*** Begin section ***
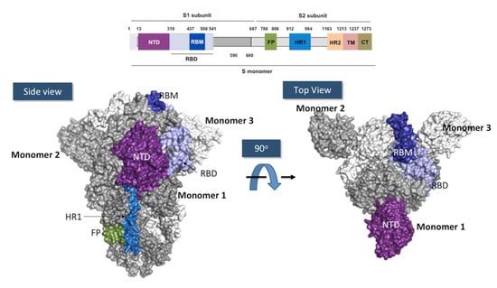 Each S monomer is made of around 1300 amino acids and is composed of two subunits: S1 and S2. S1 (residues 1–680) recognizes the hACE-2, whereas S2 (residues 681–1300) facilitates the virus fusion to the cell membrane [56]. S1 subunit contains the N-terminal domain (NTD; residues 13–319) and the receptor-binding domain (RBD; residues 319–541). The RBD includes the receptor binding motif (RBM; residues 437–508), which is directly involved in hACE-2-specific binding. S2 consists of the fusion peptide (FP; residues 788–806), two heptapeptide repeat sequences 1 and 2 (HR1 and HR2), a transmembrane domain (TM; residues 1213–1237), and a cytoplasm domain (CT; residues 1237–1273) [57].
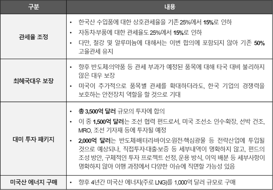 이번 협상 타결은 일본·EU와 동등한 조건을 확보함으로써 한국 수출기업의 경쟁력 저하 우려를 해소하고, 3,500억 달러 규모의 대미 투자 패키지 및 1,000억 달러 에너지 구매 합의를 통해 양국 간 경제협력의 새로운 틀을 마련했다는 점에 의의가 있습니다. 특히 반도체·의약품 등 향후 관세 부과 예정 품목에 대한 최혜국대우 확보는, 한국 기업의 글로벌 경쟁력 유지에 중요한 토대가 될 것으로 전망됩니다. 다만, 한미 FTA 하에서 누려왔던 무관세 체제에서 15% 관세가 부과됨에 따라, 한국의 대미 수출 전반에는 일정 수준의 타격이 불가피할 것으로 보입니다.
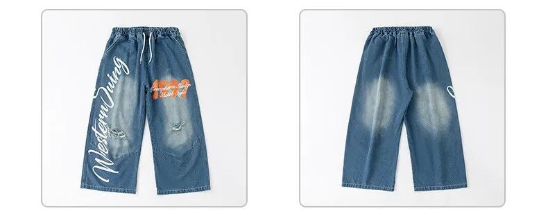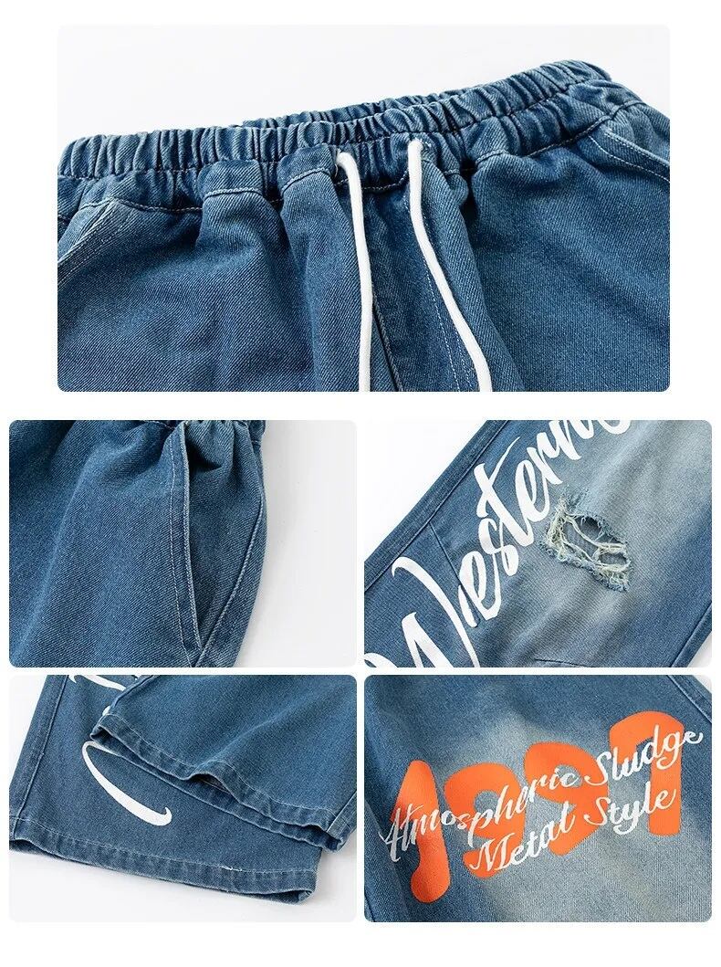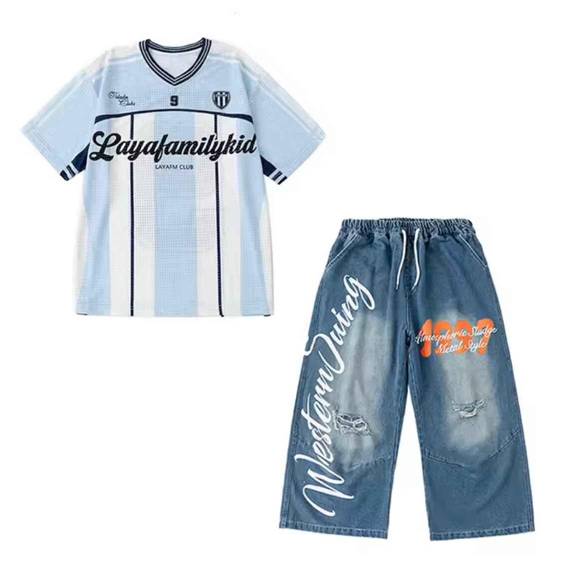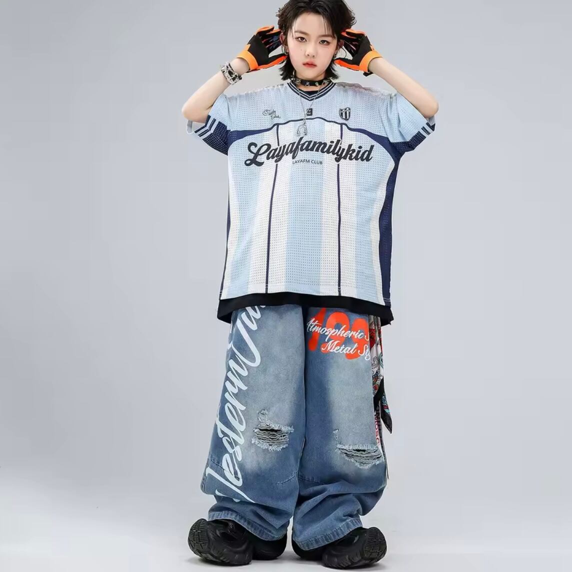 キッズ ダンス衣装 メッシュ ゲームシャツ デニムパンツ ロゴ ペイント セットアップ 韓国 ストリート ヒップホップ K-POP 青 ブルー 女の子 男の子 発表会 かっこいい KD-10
*** End section ***
# What you have to do:
Transcribe exactly the span of lines from the line holding "이번 협상 타결은 일본·EU와" through the last line above, both included. Pictures stay out.

# The answer:
 이번 협상 타결은 일본·EU와 동등한 조건을 확보함으로써 한국 수출기업의 경쟁력 저하 우려를 해소하고, 3,500억 달러 규모의 대미 투자 패키지 및 1,000억 달러 에너지 구매 합의를 통해 양국 간 경제협력의 새로운 틀을 마련했다는 점에 의의가 있습니다. 특히 반도체·의약품 등 향후 관세 부과 예정 품목에 대한 최혜국대우 확보는, 한국 기업의 글로벌 경쟁력 유지에 중요한 토대가 될 것으로 전망됩니다. 다만, 한미 FTA 하에서 누려왔던 무관세 체제에서 15% 관세가 부과됨에 따라, 한국의 대미 수출 전반에는 일정 수준의 타격이 불가피할 것으로 보입니다.
 キッズ ダンス衣装 メッシュ ゲームシャツ デニムパンツ ロゴ ペイント セットアップ 韓国 ストリート ヒップホップ K-POP 青 ブルー 女の子 男の子 発表会 かっこいい KD-10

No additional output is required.